You are selfish. You are too sensitive. You are the jealous one. You are controlling. You are the reason things are the way they are. Sound familiar?
If you have spent any time with a narcissist, you have likely been handed a long list of your own flaws. And here is the part that is so disorienting: most of those flaws belong to them.
Your partner accuses you constantly of lying, even though you have never caught yourself in a lie with them. But you have caught them. Multiple times. When you bring it up, the conversation somehow ends with them detailing all the ways you are untrustworthy. You walk away wondering if maybe they are right. Maybe you are the problem. Maybe you just cannot see it.
That confusion is the point. That is projection working exactly as intended.
What Projection Is
Projection is a psychological defense mechanism where a person takes their own unacceptable thoughts, feelings, or behaviors and attributes them to someone else. In the context of narcissistic abuse, it is not accidental. It is a consistent, repeating pattern used to avoid accountability and transfer shame.

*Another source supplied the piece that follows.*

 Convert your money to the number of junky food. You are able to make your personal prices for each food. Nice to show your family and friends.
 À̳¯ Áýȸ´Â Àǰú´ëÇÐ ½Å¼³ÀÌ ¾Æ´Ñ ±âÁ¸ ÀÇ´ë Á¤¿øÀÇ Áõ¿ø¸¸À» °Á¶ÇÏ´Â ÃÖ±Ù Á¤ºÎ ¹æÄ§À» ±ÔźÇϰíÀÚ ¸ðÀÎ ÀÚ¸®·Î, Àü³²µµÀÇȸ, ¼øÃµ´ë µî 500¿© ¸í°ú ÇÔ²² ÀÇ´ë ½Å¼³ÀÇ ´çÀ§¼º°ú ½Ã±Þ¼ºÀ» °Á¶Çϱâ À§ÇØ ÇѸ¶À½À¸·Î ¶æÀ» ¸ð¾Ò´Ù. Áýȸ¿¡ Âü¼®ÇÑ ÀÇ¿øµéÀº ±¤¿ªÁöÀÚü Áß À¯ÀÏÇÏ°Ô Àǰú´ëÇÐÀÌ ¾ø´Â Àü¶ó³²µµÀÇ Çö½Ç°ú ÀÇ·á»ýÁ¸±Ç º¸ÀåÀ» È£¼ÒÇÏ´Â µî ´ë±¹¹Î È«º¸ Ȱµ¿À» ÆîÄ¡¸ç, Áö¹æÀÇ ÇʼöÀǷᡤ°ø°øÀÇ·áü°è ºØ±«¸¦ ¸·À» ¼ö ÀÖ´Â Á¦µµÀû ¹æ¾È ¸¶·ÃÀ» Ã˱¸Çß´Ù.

The narcissist cannot sit with their own guilt. So they hand it to you, and make you carry it.
Common Projection Patterns
They cheat, but accuse you of being unfaithful. They manipulate, but call you manipulative. They are the one who is angry, but they tell everyone you have a rage problem. They are deeply insecure, but frame you as the needy one. They are the one pulling away, but somehow you are too clingy.
How to Stop Carrying What Is Not Yours
Pause before internalizing. When someone accuses you of something, especially mid-conflict, ask yourself: does this actually sound like me, or does this sound like them?

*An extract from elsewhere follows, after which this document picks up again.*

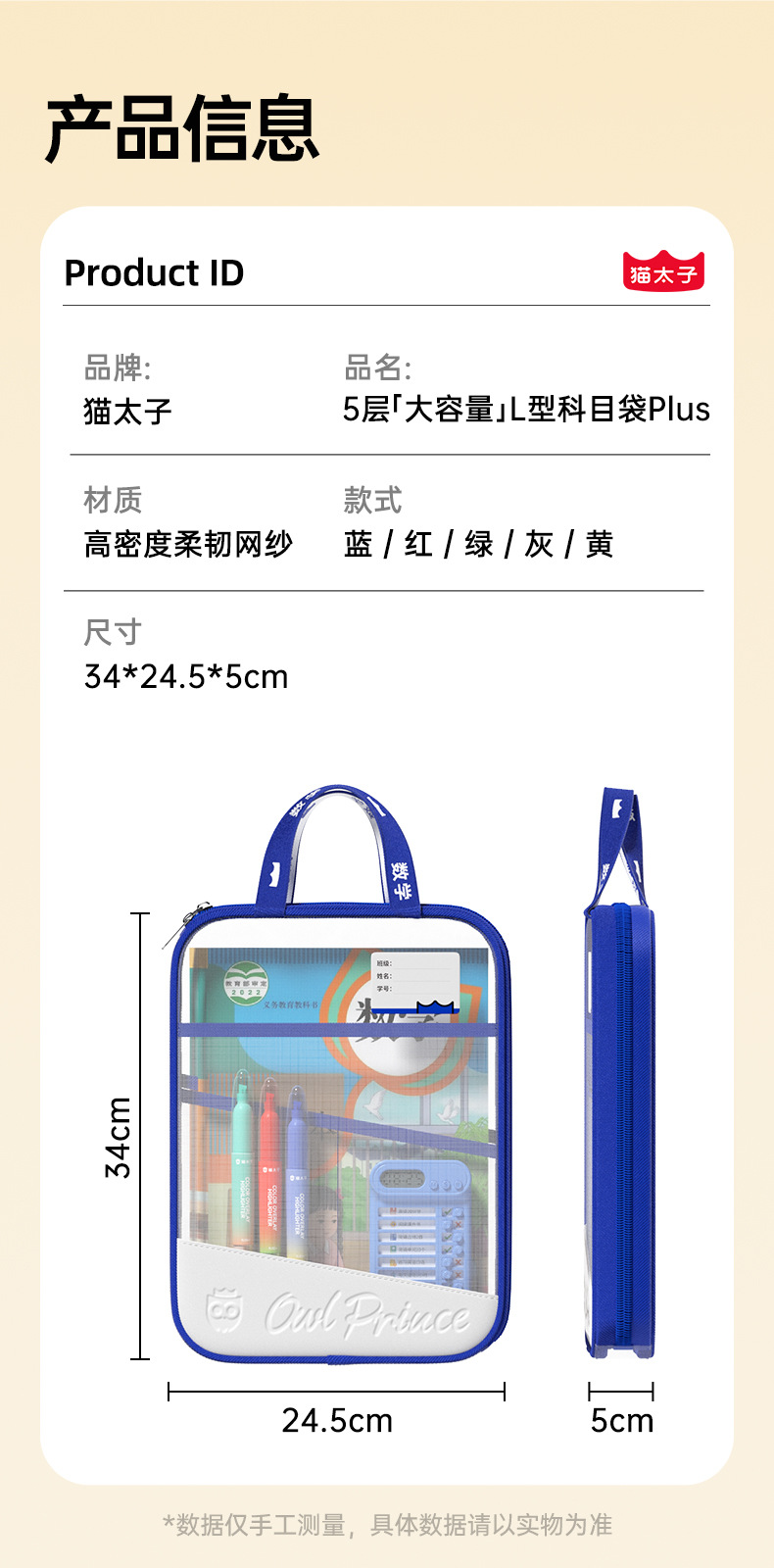 고양이 왕자 학생 대용량 L자형 과목 가방 메쉬 학습 교과서 보관 가방 다기능 정보 파일 가방스토어 가기

Keep a record. Projection is hard to see in the moment. But over time, patterns emerge. If you write things down, you will start to notice that the accusations follow a script.
Stop defending yourself against things you did not do. Defending yourself against projected accusations pulls you into their frame. You cannot win an argument built on a false premise.
Name the pattern to yourself. "This is projection" is a powerful internal anchor. It keeps you from getting lost in the fog of their narrative.
Work with a therapist if possible. Long-term projection can erode your sense of self in ways that take time and support to untangle. You do not have to sort it out alone.
You are not the selfish one. You are not the liar. You are not the problem. You are the person who was handed someone else's shame and told to wear it like it was yours. Setting it down is not denial. It is clarity. And clarity is the first step back to yourself.